The appeal of Donald Trump that led to his electoral victory is due to the frustration of moderate and conservative voters as to what they correctly see as a failed system. A strong person with simple answers can appeal to voters who believe he will “get things done,” but when career politicians promise change, the promise rings hollow.

Mr. Trump had the advantage of being able to don the mantle of the “outsider.” However, he was a regular participant in the business of influence-peddling and lobbying, the most destructive influence to the fair administration of government in America.

Mr. Trump was merely playing the part of an anti-establishment candidate while slipping quickly into the mold of a regular Washington politician who ignores the people and fails to keep his commitments to the people.

Americans are generally known for a positive outlook on life, which is a better mindset to have than being mad when making important decisions. Donald Trump tapped into voters’ frustration better than any other candidate and he has an opportunity to do something about the status quo.

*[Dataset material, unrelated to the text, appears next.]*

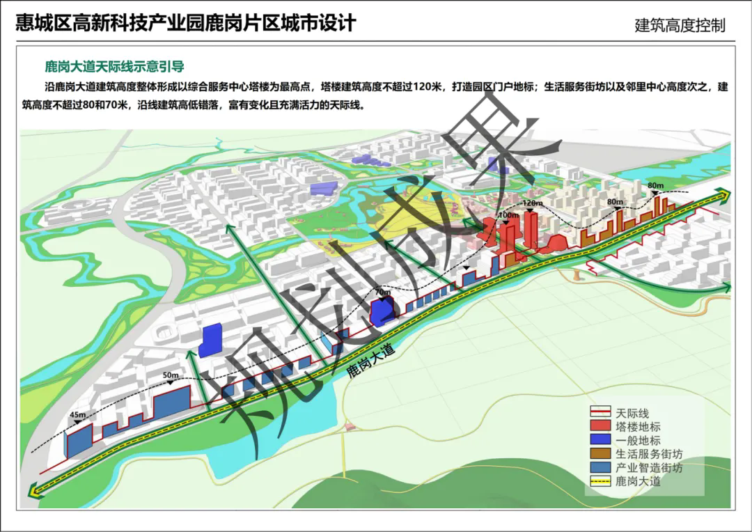 其中,沿鹿崗大道建筑高度整體形成以綜合服務中心塔樓為最高點,塔樓建筑高度不超過120米,打造園區(qū)門戶地標;生活服務街坊以及鄰里中心高度次之,建筑高度不超過80和70米,沿線建筑高低錯落,富有變化且充滿活力的天際線。
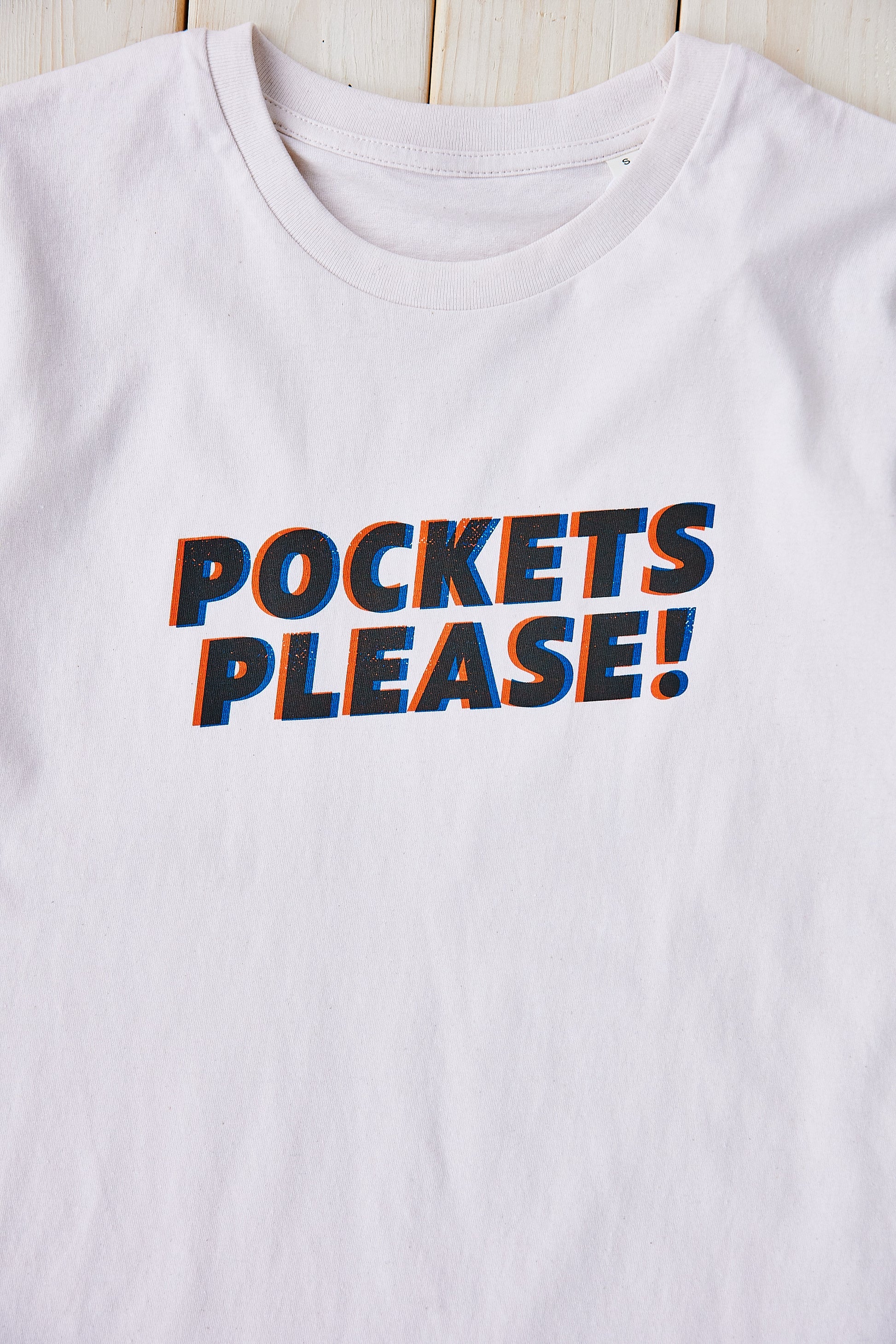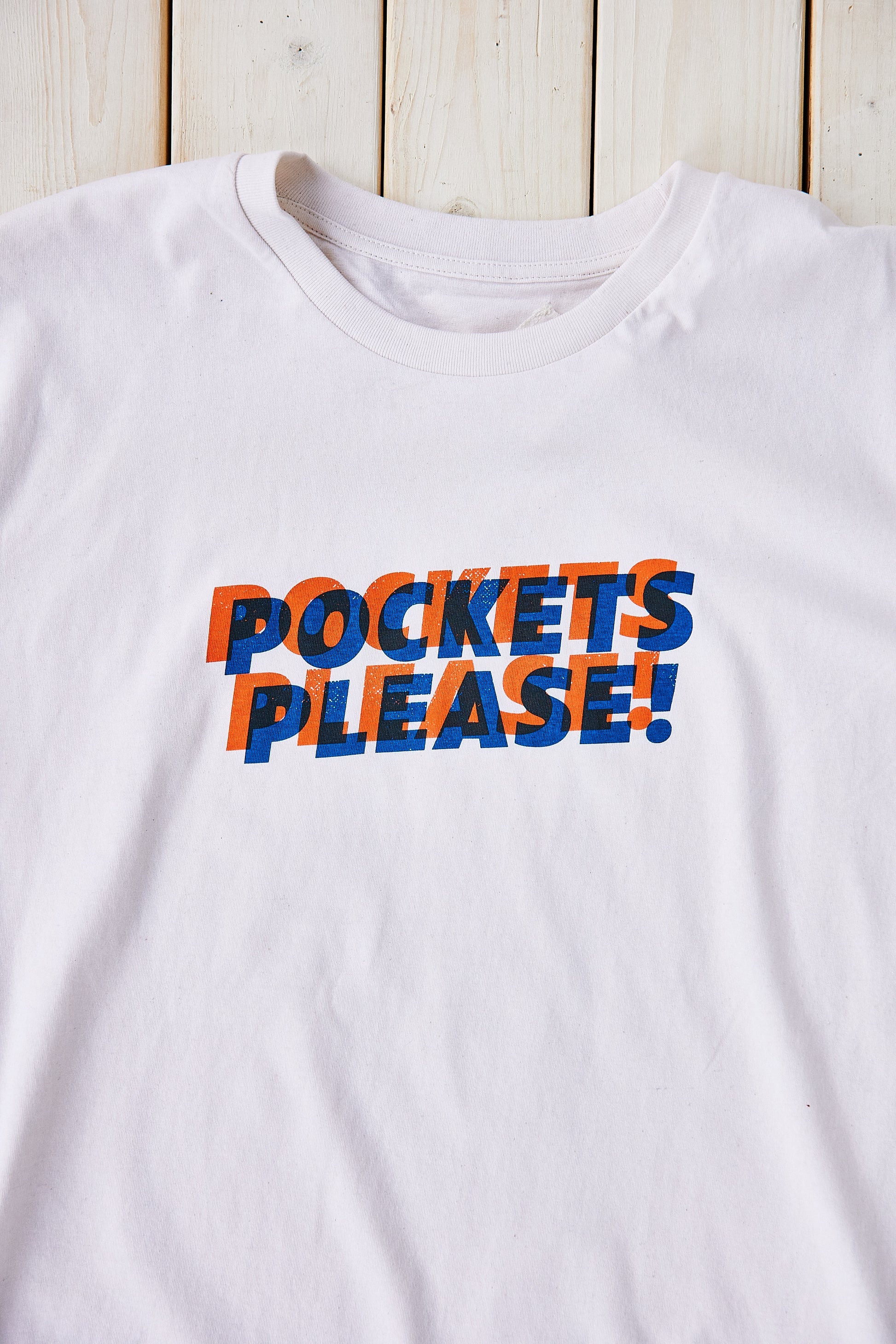 Off-white Tee med koral og blåt front-print med teksten: POCKETS PLEASE!

The people are waiting for household incomes for working-class Americans to follow productivity and efficiency and profitability gains. That could be facilitated by having a more fair tax system.

However, Mr. Trump introduced an ill-conceived proposal to repeal Obamacare that would have taken health care away from millions of Americans, and his own party could not support it.

In addition, President Trump’s tax plan is one big boon to corporations and the wealthy. One commentator stated that it would benefit Mr. Trump “enormously.” The proposal cuts tax rates for businesses from 35 to 15 percent and creates a “pass-through” treatment for business income that is currently taxed at the businessowners’ individual income tax rates instead of at a corporate rate. This loophole would overwhelmingly benefit high-income people with businesses.

Economic analysts Josh Bivens and Hunter Blair wrote that the “pass-through” tax cut “will help private equity managers and people like President Trump: wealthy people who will now be able to reconfigure their taxes by reclassifying themselves as independent contractors.”

Mr. Trump’s plan would also eliminate the alternative minimum tax or AMT, established to ensure that the wealthy professionals couldn’t take too many deductions and eliminate their tax liability altogether.

Mr. Trump’s tax return showed that in tax year 2015, “he paid 25% of $153 million in taxable income instead of the less than 4 percent that he would have paid without” the AMT, according to the New York Times.

Who would make up for the lost tax revenue if we get TrumpTax?  We should be mad as hell about the Trump administration’s Republican “big business” as usual policies, so far.